Collected data:
....................
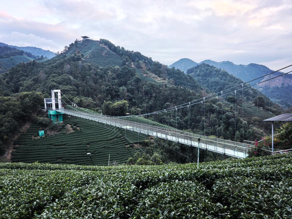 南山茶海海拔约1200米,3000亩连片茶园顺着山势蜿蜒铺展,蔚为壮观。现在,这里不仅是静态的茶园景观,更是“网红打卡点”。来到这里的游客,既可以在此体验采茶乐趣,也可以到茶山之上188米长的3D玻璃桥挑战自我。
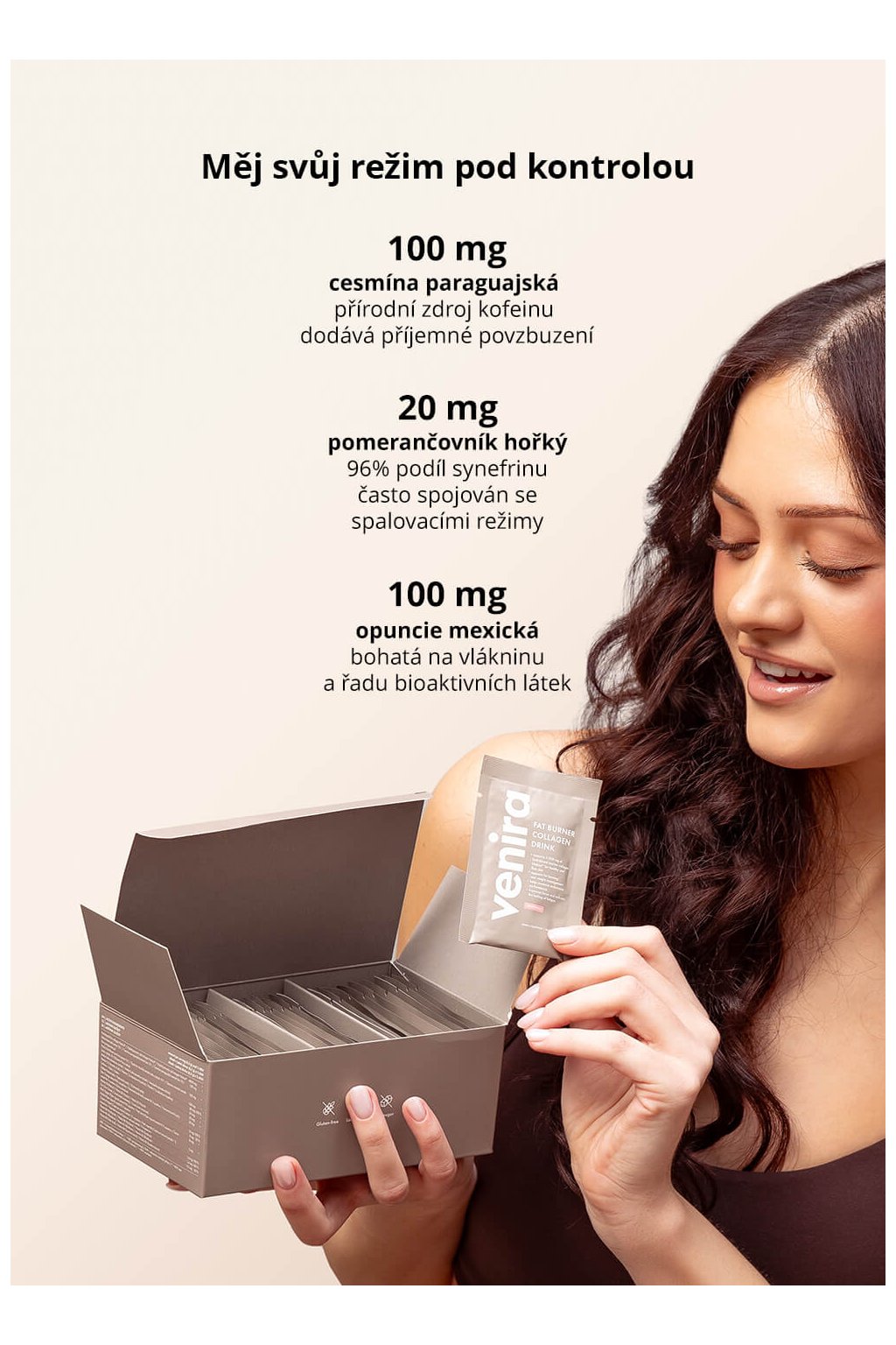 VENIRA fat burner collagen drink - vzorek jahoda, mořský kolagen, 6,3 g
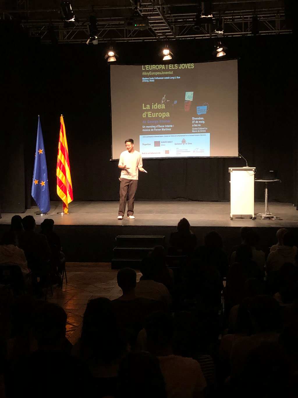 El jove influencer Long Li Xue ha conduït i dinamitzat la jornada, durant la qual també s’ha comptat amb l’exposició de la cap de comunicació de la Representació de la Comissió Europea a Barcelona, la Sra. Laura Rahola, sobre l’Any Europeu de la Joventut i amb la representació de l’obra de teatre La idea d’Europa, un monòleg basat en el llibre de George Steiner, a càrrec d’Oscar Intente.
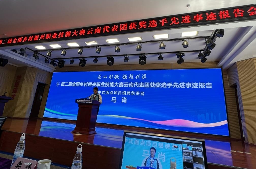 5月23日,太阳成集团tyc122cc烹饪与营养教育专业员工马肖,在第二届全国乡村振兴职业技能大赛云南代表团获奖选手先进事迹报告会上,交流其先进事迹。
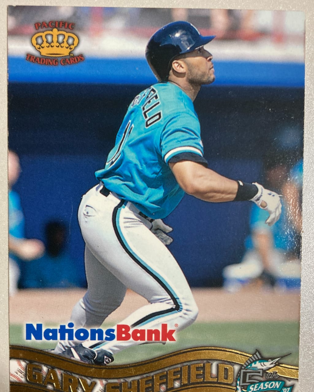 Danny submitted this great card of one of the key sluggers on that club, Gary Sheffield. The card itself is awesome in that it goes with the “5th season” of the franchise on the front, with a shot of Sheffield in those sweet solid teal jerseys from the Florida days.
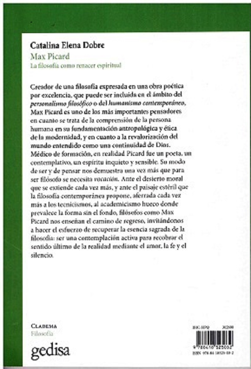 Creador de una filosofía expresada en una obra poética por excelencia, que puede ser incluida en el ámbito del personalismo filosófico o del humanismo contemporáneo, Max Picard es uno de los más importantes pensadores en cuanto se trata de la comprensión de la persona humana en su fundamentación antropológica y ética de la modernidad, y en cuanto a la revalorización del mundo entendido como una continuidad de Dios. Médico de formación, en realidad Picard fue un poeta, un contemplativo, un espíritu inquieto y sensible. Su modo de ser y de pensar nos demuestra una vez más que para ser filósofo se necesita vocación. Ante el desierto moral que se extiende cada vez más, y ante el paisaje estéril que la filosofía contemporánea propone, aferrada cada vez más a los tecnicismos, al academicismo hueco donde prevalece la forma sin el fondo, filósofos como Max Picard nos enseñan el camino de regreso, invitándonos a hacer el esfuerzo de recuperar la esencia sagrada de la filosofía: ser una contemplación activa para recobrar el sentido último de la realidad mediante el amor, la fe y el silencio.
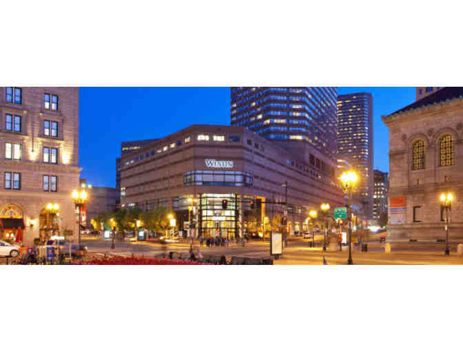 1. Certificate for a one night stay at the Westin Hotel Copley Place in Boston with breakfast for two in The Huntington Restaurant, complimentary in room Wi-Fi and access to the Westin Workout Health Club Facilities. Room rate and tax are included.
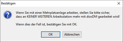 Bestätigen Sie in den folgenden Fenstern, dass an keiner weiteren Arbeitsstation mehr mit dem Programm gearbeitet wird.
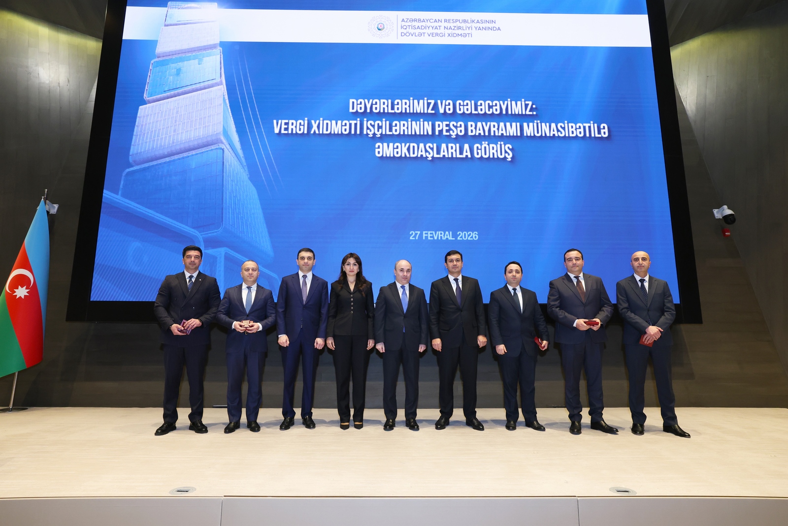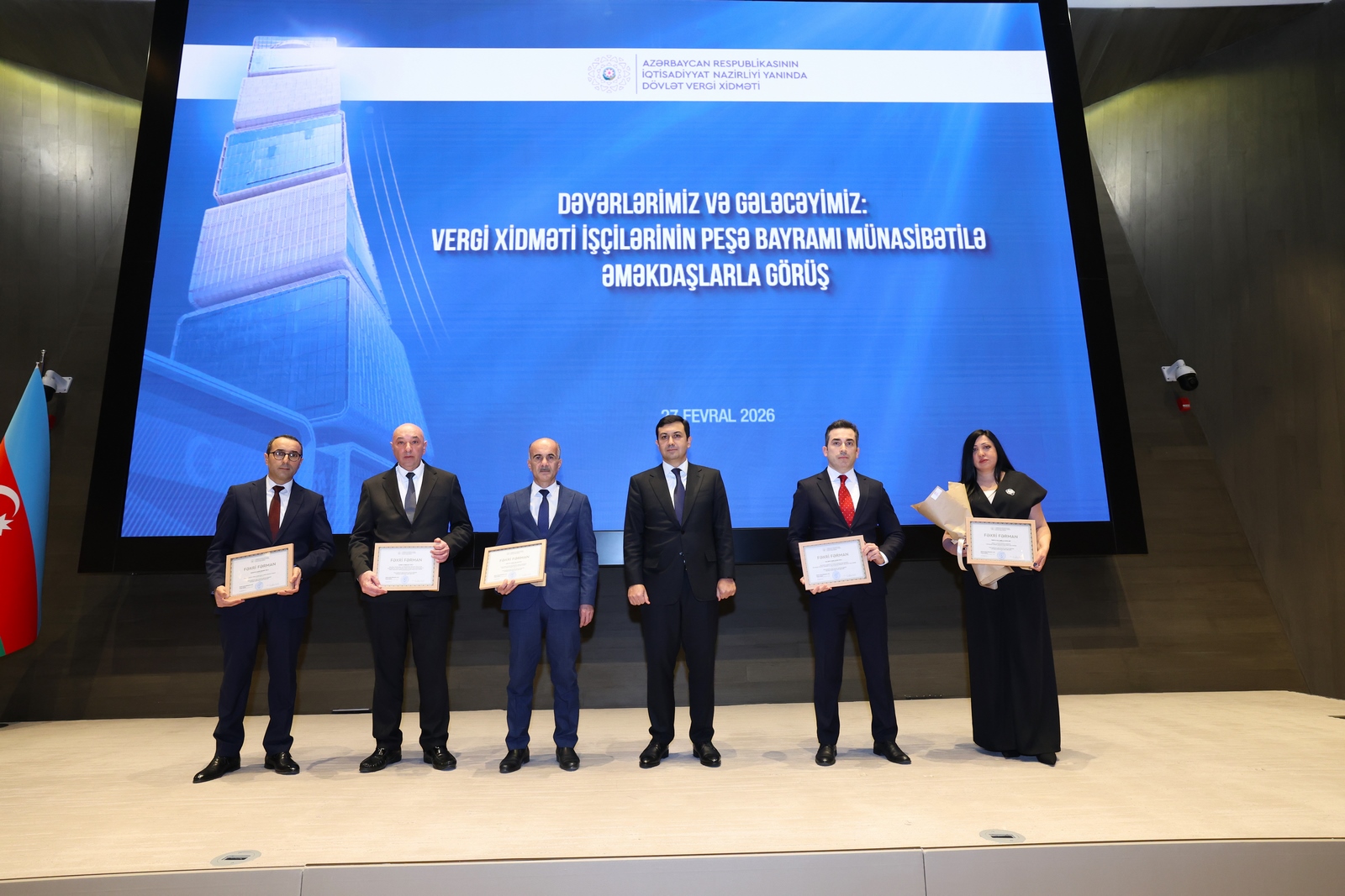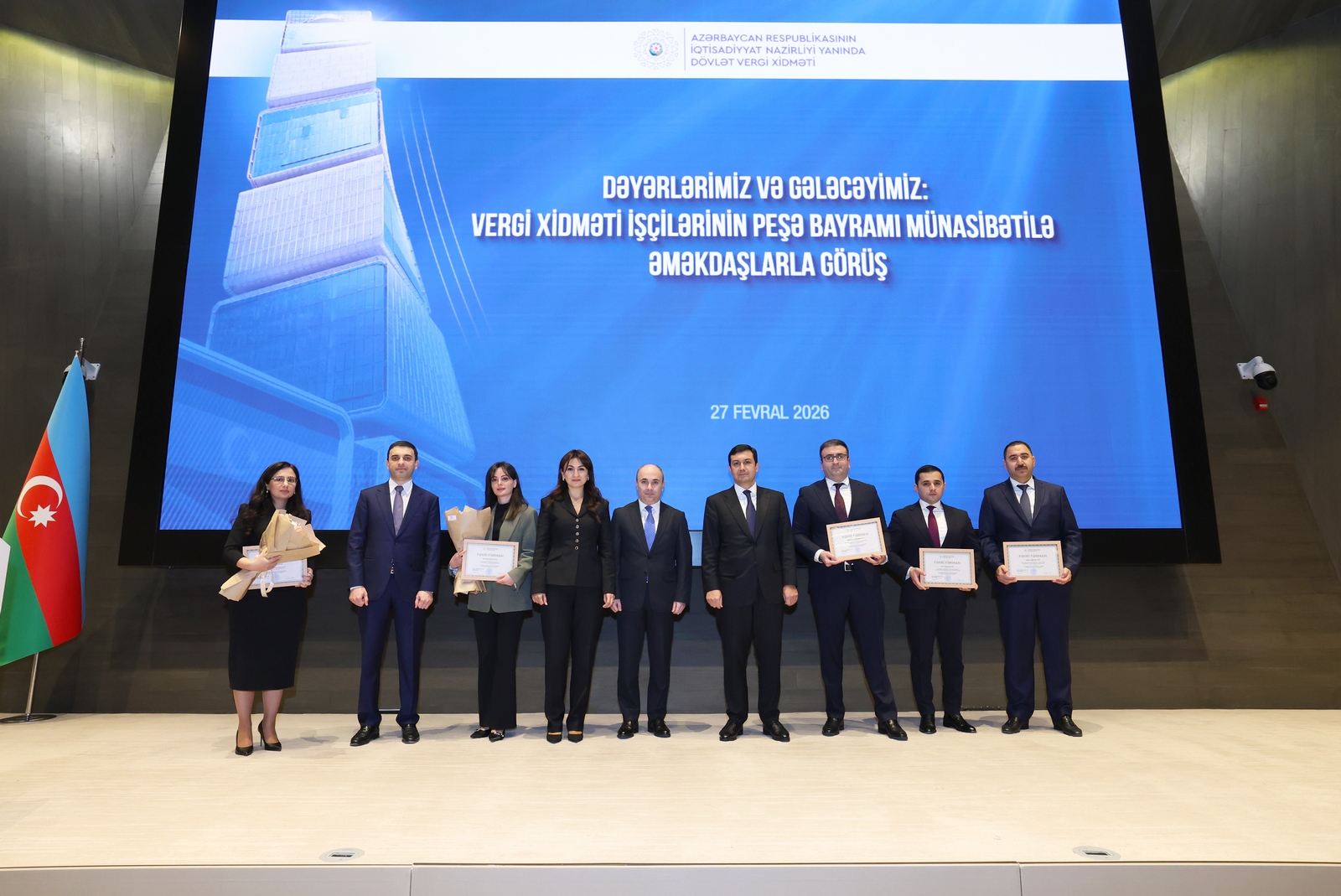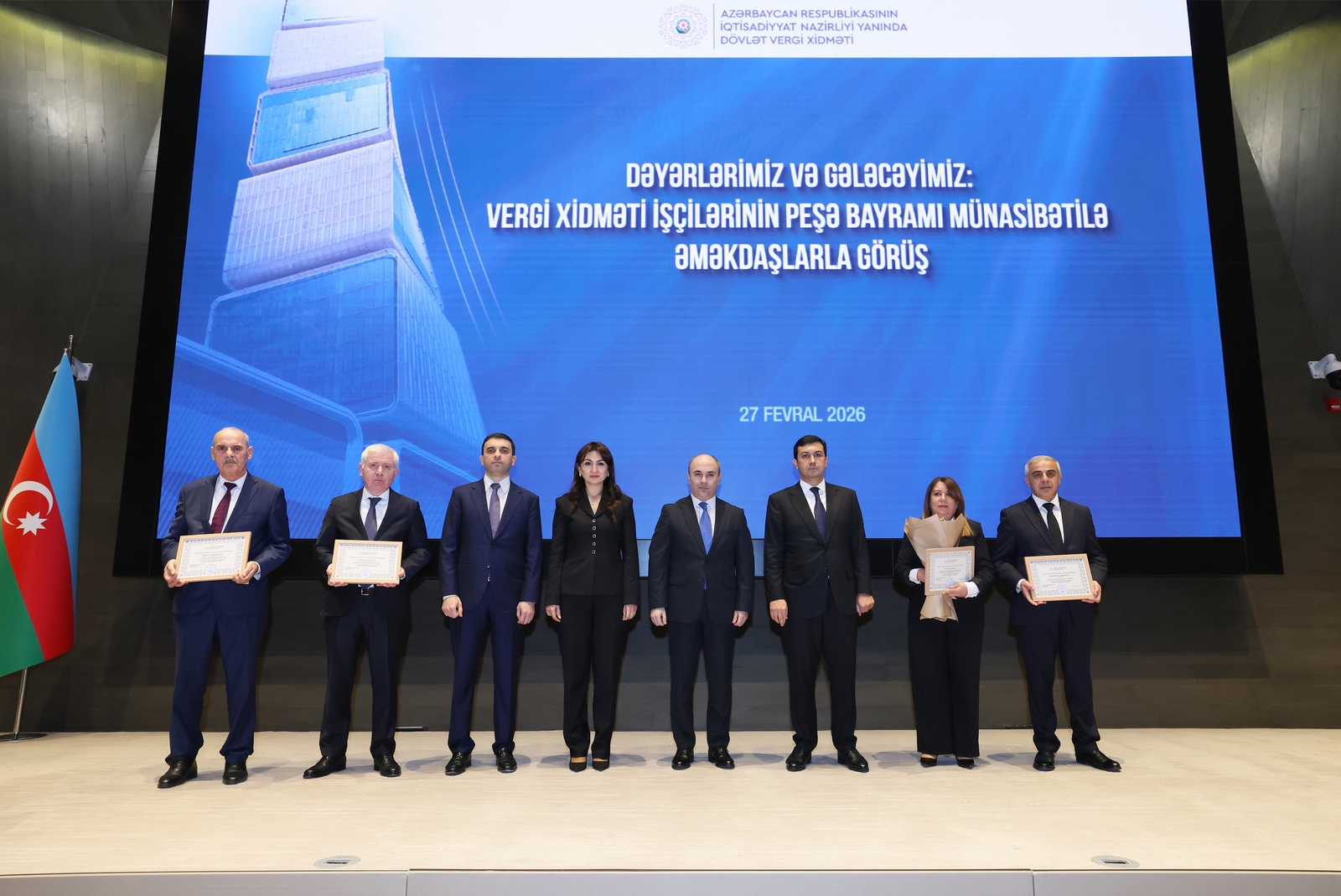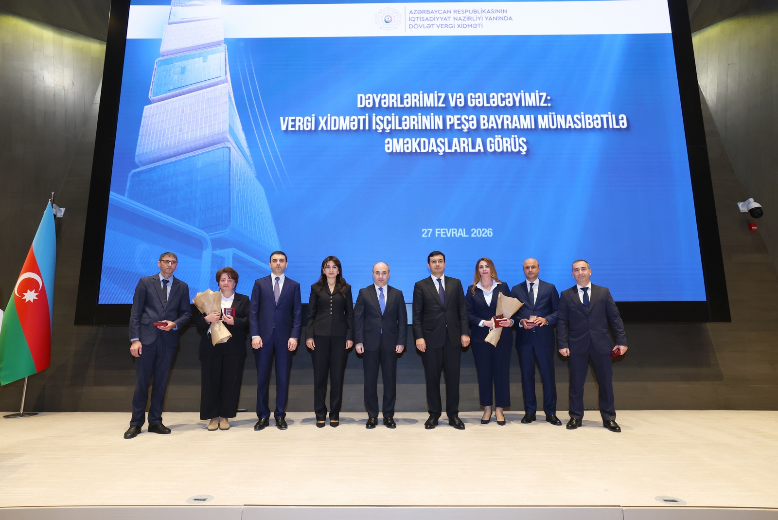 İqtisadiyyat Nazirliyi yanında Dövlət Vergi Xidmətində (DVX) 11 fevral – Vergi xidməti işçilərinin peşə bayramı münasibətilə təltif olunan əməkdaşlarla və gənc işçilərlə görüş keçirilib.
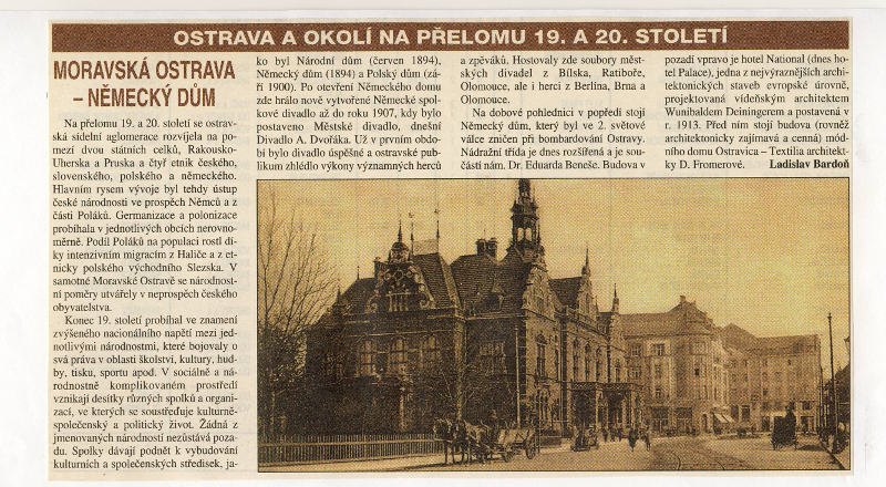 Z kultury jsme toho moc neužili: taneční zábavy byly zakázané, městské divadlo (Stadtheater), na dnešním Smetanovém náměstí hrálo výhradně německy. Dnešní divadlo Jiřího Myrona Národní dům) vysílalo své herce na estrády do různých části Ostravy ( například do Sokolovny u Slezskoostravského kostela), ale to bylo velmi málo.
....................
__WHAT TO WORK ON__: In the records, the line containing "1. Certificate for" starts the span and the final line ends it. Output exactly that span, both ends included, with no pictures and nothing else.

__YOUR SOLUTION__:
 1. Certificate for a one night stay at the Westin Hotel Copley Place in Boston with breakfast for two in The Huntington Restaurant, complimentary in room Wi-Fi and access to the Westin Workout Health Club Facilities. Room rate and tax are included.
 Bestätigen Sie in den folgenden Fenstern, dass an keiner weiteren Arbeitsstation mehr mit dem Programm gearbeitet wird.
 İqtisadiyyat Nazirliyi yanında Dövlət Vergi Xidmətində (DVX) 11 fevral – Vergi xidməti işçilərinin peşə bayramı münasibətilə təltif olunan əməkdaşlarla və gənc işçilərlə görüş keçirilib.
 Z kultury jsme toho moc neužili: taneční zábavy byly zakázané, městské divadlo (Stadtheater), na dnešním Smetanovém náměstí hrálo výhradně německy. Dnešní divadlo Jiřího Myrona Národní dům) vysílalo své herce na estrády do různých části Ostravy ( například do Sokolovny u Slezskoostravského kostela), ale to bylo velmi málo.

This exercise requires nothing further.